Joaquim Barbosa, o seu principal e mais furioso algoz – que agiu com requintes sádicos, no caso de José Genoíno - foi integrado ao STF por ninguém menos que o então presidente Luís Inácio Lula da Silva. E os réus, por sua vez, estão longe de representar uma ameaça ao capital: ao contrário, sob sua direção, o PT curvou-se às determinações dos banqueiros e sufocou o quanto pode a organização independente dos trabalhadores.
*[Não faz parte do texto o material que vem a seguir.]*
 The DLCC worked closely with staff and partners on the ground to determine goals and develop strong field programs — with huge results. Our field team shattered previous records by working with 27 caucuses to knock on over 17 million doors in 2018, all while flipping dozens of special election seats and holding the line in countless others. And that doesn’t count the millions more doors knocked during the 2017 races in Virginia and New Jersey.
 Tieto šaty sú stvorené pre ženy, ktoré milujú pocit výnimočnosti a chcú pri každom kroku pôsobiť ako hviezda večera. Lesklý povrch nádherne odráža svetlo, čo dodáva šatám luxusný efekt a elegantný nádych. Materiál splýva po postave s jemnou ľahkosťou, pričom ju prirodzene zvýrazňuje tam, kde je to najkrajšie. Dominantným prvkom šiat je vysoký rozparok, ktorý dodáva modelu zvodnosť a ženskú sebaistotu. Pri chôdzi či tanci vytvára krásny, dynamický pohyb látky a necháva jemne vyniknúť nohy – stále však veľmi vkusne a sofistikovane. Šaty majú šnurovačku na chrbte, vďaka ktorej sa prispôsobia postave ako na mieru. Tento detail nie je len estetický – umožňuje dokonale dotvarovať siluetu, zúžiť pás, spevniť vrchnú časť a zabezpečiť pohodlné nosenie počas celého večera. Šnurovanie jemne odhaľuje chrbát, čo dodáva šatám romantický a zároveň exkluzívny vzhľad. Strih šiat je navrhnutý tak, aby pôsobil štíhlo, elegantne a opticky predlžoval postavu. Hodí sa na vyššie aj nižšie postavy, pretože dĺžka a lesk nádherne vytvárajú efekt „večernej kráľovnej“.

Fiéis escudeiros dos patrões, os réus não deveriam ser objeto de um ódio tão grande.

Tudo, enfim, parece estar fora de lugar nessa história, que mais se assemelha a um conto narrado por um louco, repleto de sons e fúria, sem sentido algum – para tomar de empréstimo a definição que Macbeth dá ao ato de existir. Mas não é assim. Uma lógica muito sólida e implacável costura os fatos, até compor um mosaico perfeitamente coerente e legível.
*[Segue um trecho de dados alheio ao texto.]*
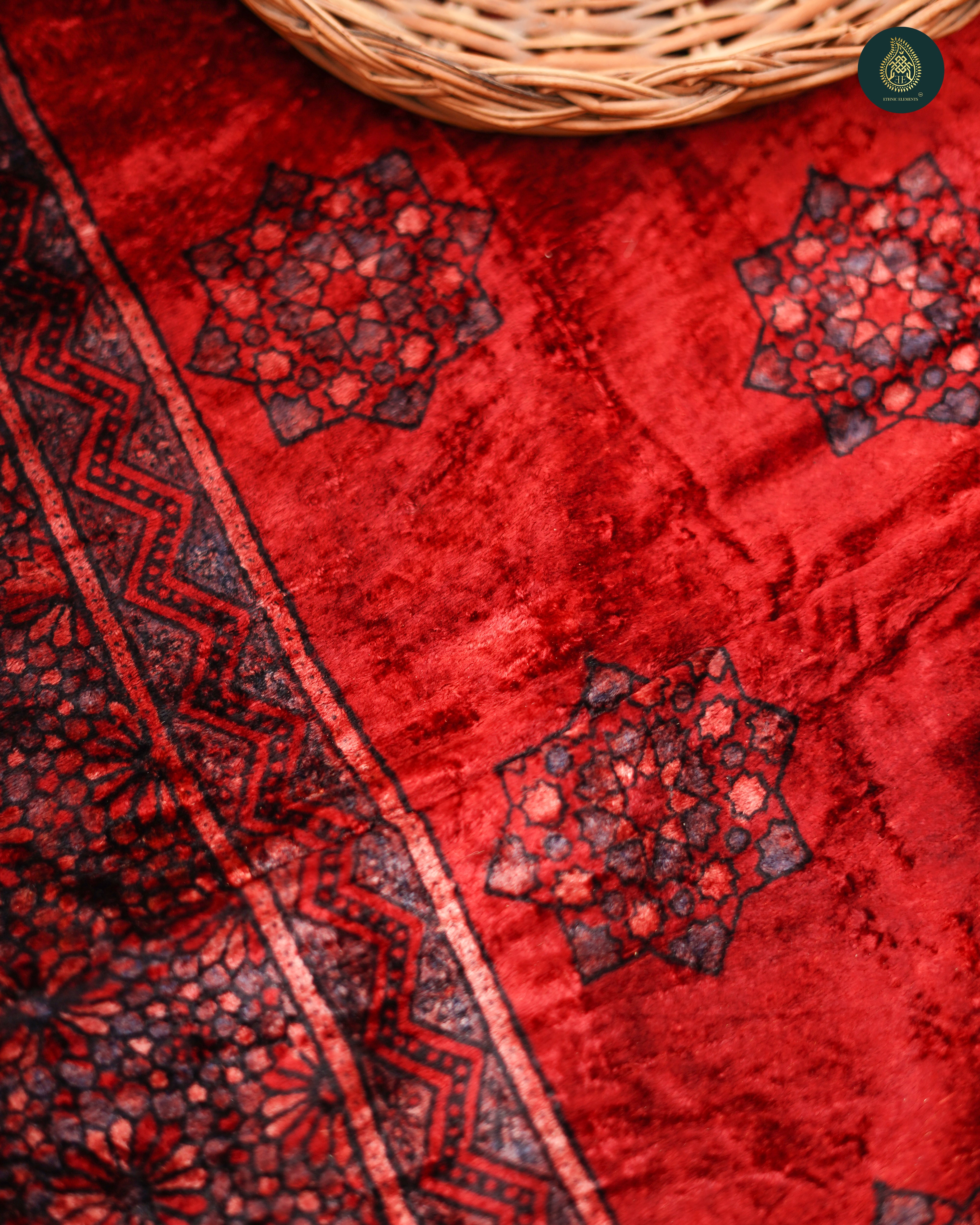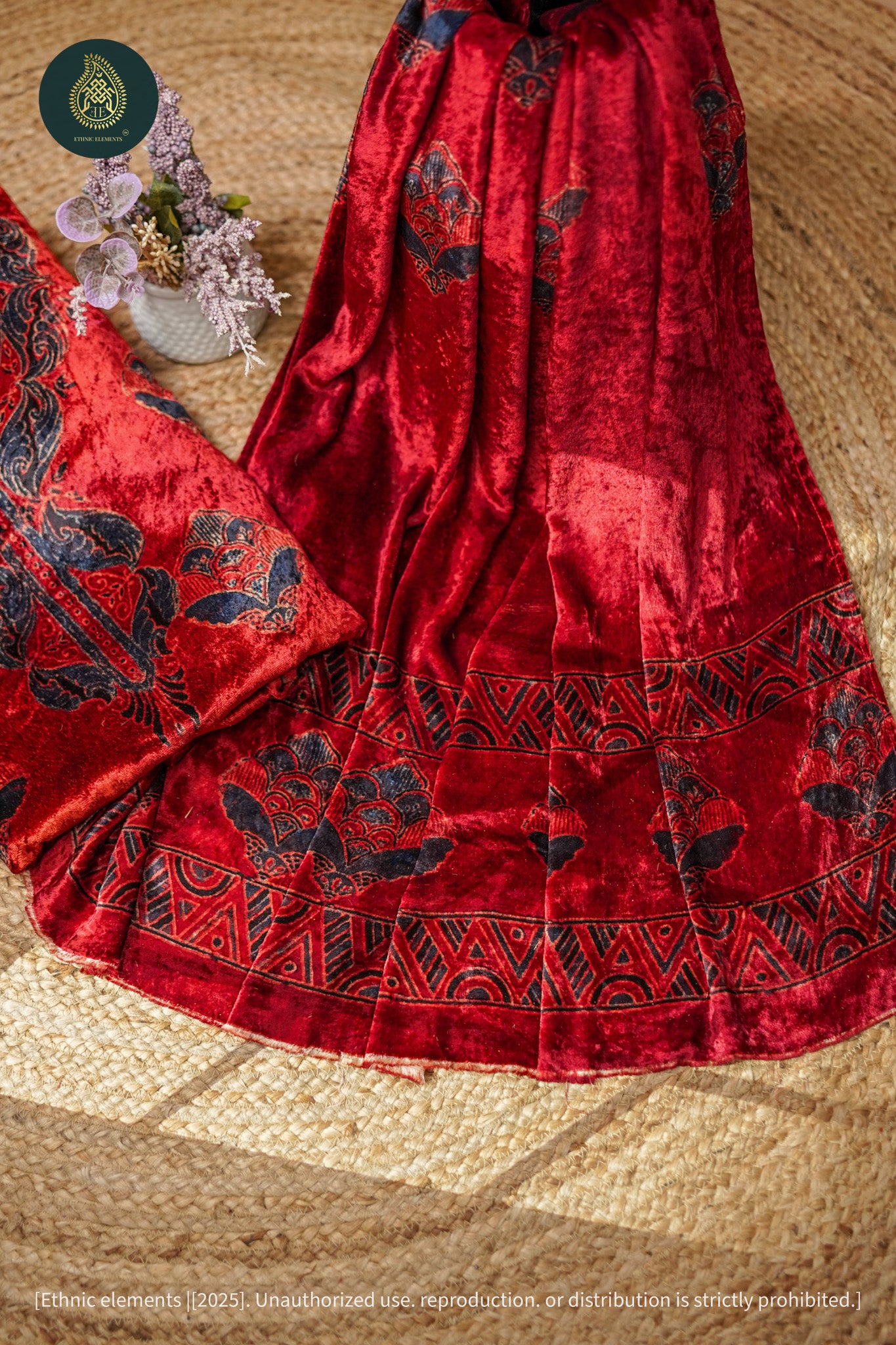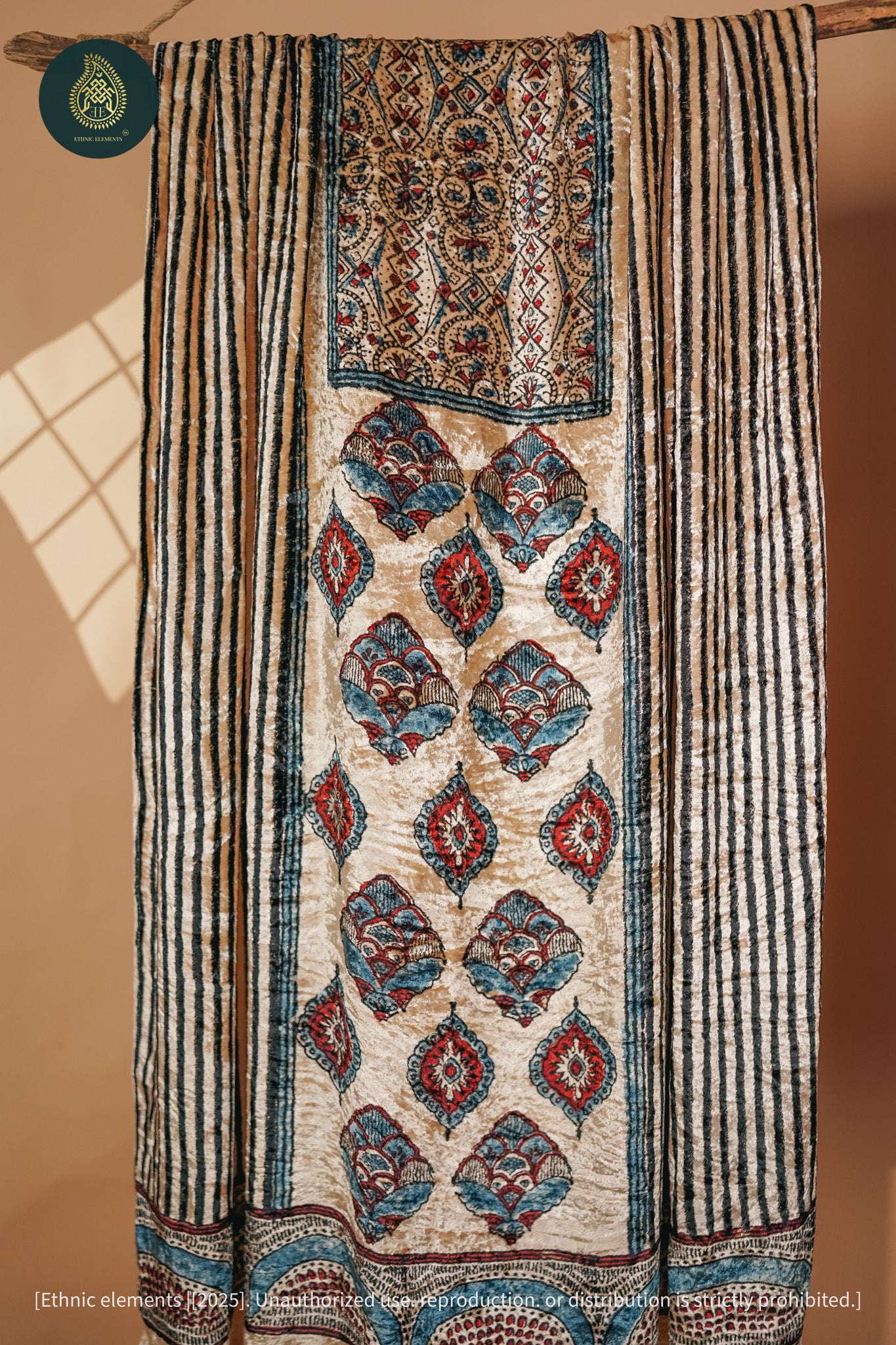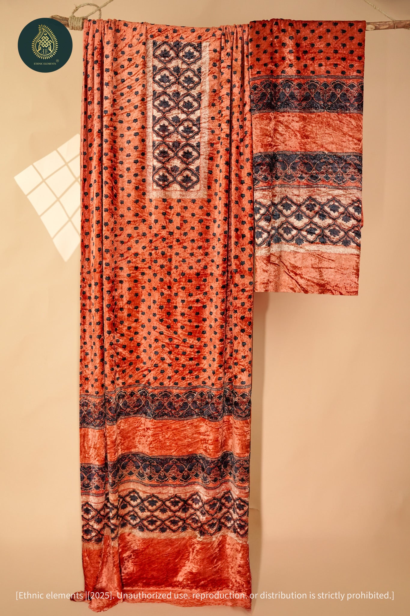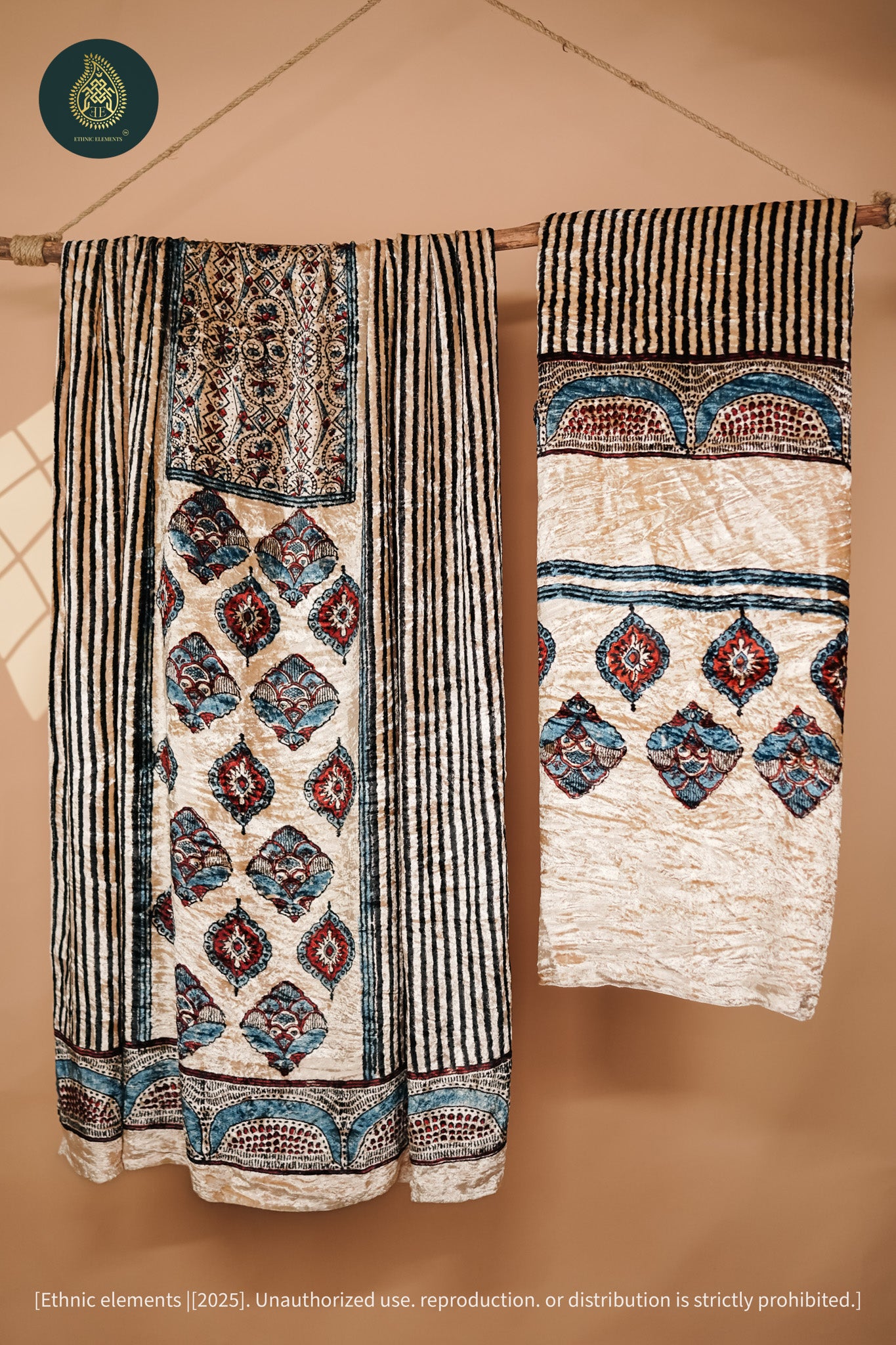 Ajrakh Velvet Anitique Sandal Sky Bloom

Em primeiro lugar, a expressão da burguesia como classe econômica – a detentora dos meios de produção – nem sempre coincide com a expressão da burguesia como produtora de ideologia. Os patrões, sem dúvida, estão contentes com o PT. Quando se tratou de gerir os negócios burgueses, o partido que nasceu como porta-voz da Senzala aceitou o lugar a ele designado pela Casa Grande. “Lula é o cara”, diz Barack Obama. Mas os centros produtores da ideologia burguesa odeiam o PT, apesar de tudo. Os arrogantes, reacionários, conservadores e podres senhores de engenho simplesmente nunca aceitaram a ideia de entregar o Planalto a um retirante nordestino ou a uma ex-integrante da guerrilha. Ter o PT como capataz eficiente do latifúndio é uma coisa; aceita-lo como convidado à mesa principal é outra, bem diferente. Uma coisa é uma coisa, outra coisa é outra coisa.
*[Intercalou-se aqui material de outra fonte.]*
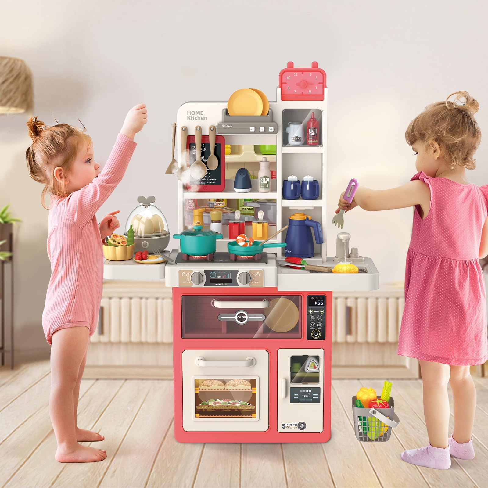 PayUSD Play Kitchen Set for Kids, 63 PCS 33Inch Pretend Play Food Toys Kitchen Set with Realistic Sounds & Lights, Play Sink, Simulation of Spray Kitchen Toys for Toddlers Girls Boys Gift, Pink
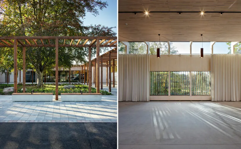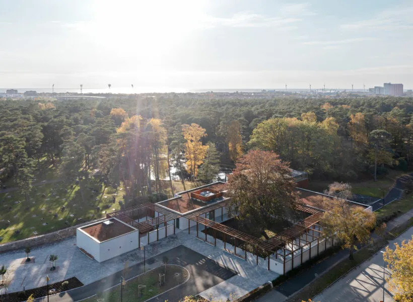 The 1st of November marks the inauguration of Skogskapellet – a new, faith-neutral ceremonial building for the parish of Falkenberg, nestled within the natural landscape of Skogskyrkogården. Designed with a sensitive approach to the spirit of the place, this new structure provides visitors, loved ones, and staff with a space for tranquillity and reflection, featuring a palette of materials that feels earthy and grounded within the surrounding landscape.
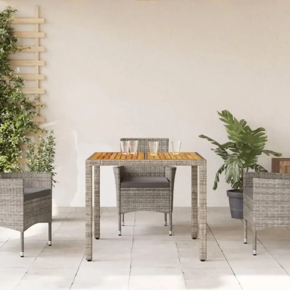 - Materiaal: PE-rattan, gepoedercoat staal en massief acaciahout met olieafwerking
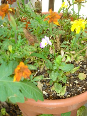 今年種から育てたマリーゴールドに何故かビオラが。 タネまき時期は若干遅れましたが、明日ビオラタネまき予定です。
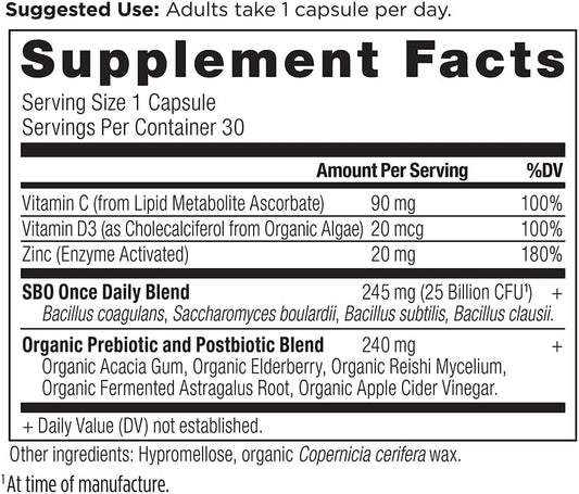 Ancient Nutrition SBO Probiotics with Vitamin C & D, 30Ct - 25B CFUs for Immune & Digestive Health
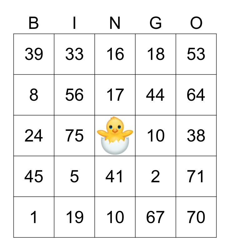 This bingo card has a free space and 24 words: 5, 19, 17, 1, 53, 39, 8, 33, 10, 41, 44, 24, 2, 71, 56, 67, 38, 16, 64, 75, 70, 45, 18 and 10.
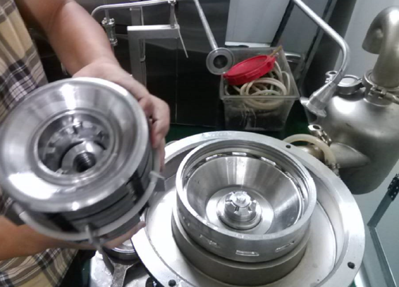 經(jīng)過CIP清洗后的阿法拉伐碟片式離心機(jī)內(nèi)部轉(zhuǎn)鼓
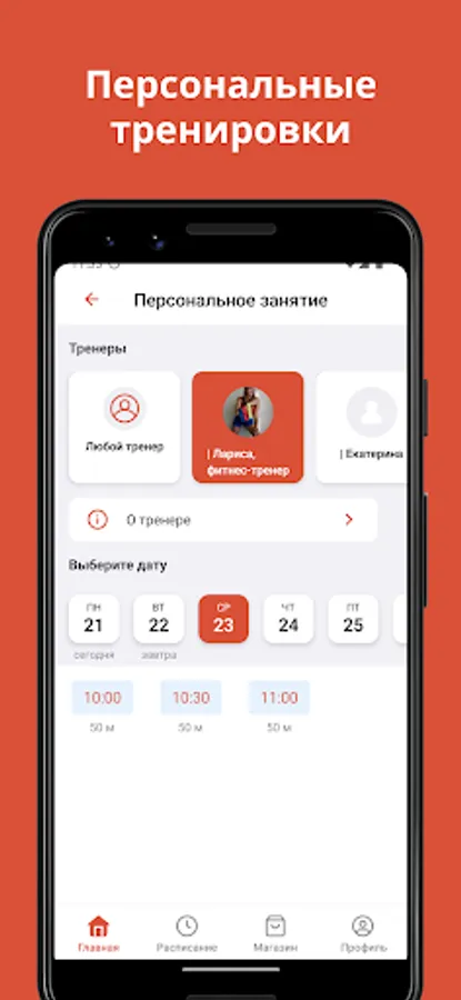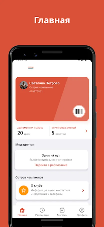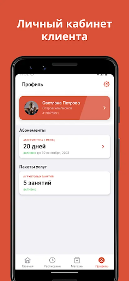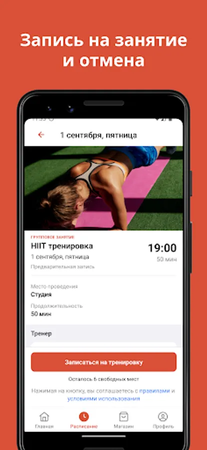 Online registration for group and individual classes in the fitness studio. Personal account of the client, the ability to sign up for classes and pay for the subscription at any time in the application.

Segundo, por uma série bem conhecida de circunstâncias históricas, o STF foi levado à condição de promover contra o PT a guerra que os partidos burgueses foram incapazes de travar no âmbito do Congresso. Dado que a burguesia ideológica encontra-se destituída de seus partidos políticos próprios – reduzidos à mísera insignificância do PSDB e do DEM -, o STF foi levado a agir como o carrasco do rei, para lembrar à ralé miúda o que acontece quando ela começa a acreditar que deixou a Senzala para se tornar parte da Casa Grande. O fato de o principal feitor ser negro, de berço bastante pobre e “amigo” de Lula só acrescenta ironia aos fatos, mas não terá sido nem a primeira e certamente nem a última vez que alguém devota ódio semelhante às suas próprias origens sociais.

Por fim, o PT paga o preço da conciliação de classe. A impotência política frente aos ataques do STF tem a sua raiz no processo de desorganização que o próprio PT criou, fazendo da CUT uma reunião de eunucos sindicais e de boa parte dos movimentos sociais meras plateias que, vez ou outra, encenam algumas críticas ao governo federal. Isso tudo foi claramente demonstrado pela “jornadas de junho”, que dispensaram solenemente o concurso do PT e da CUT, quando não os hostilizaram abertamente.

Como resultado, as características mais arcaicas do estado brasileiro manifestam sua força e impõem suas regras e formas à esfera pública. O rei estala a chibata.